Spain’s Barcelona faces drought ’emergency’ in September

Authorities in Spain’s parched northeast have warned that Barcelona and a surrounding area that’s home to some 6 million people could face even tighter restrictions of water use in the coming months

Apr. 18, 2023, 9:22 AM ET (AP)

Spain frees up ‘bad bank’ houses to ease housing crisis

Spain’s leftist coalition government has approved a plan to make available some 50,000 houses for rent at affordable prices as part of measures aimed at curbing soaring rents and house prices

Spain, country located in extreme southwestern Europe. It occupies about 85 percent of the Iberian Peninsula, which it shares with its smaller neighbour Portugal.

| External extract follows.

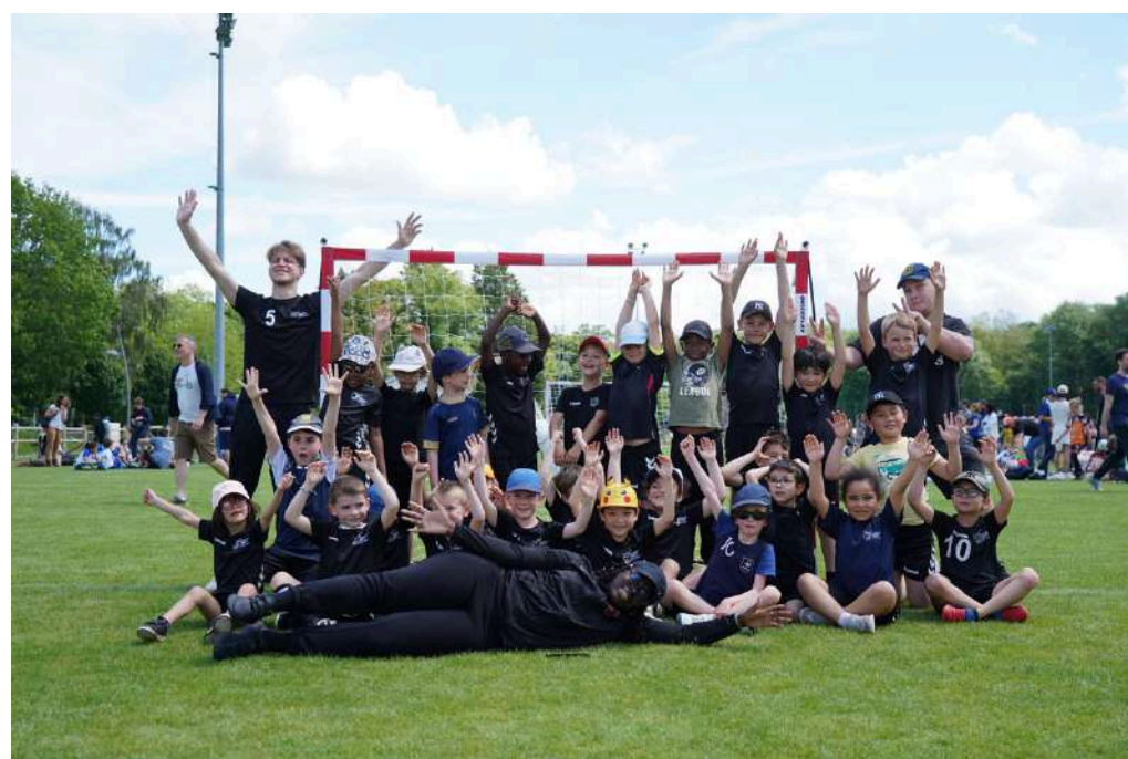
Tournoi sur herbe Ecole du Hand

Pour ses collectifs de BabyHand et d' Ecole du Hand L'ASF Handball accueille chaque samedi une soixantaine d'enfants qui viennent développer leur motricité, leur esprit d'équipe et la notion de partage.

Spain is a storied country of stone castles, snowcapped mountains, vast monuments, and sophisticated cities, all of which have made it a favoured travel destination. The country is geographically and culturally diverse. Its heartland is the Meseta, a broad central plateau half a mile above sea level. Much of the region is traditionally given over to cattle ranching and grain production; it was in this rural setting that Miguel de Cervantes’s Don Quixote tilted at the tall windmills that still dot the landscape in several places. In the country’s northeast are the broad valley of the Ebro River, the mountainous region of Catalonia, and the hilly coastal plain of Valencia. To the northwest is the Cantabrian Mountains, a rugged range in which heavily forested, rain-swept valleys are interspersed with tall peaks. To the south is the citrus-orchard-rich and irrigated lands of the valley of the Guadalquivir River, celebrated in the renowned lyrics of Spanish poets Federico García Lorca and Antonio Machado; over this valley rises the snowcapped Sierra Nevada. The southern portion of the country is desert, an extension of the Sahara made familiar to Americans through the “spaghetti western” films of the 1960s and early ’70s. Lined with palm trees, rosemary bushes, and other tropical vegetation, the southeastern Mediterranean coast and the Balearic Islands enjoy a gentle climate, drawing millions of visitors and retirees, especially from northern Europe.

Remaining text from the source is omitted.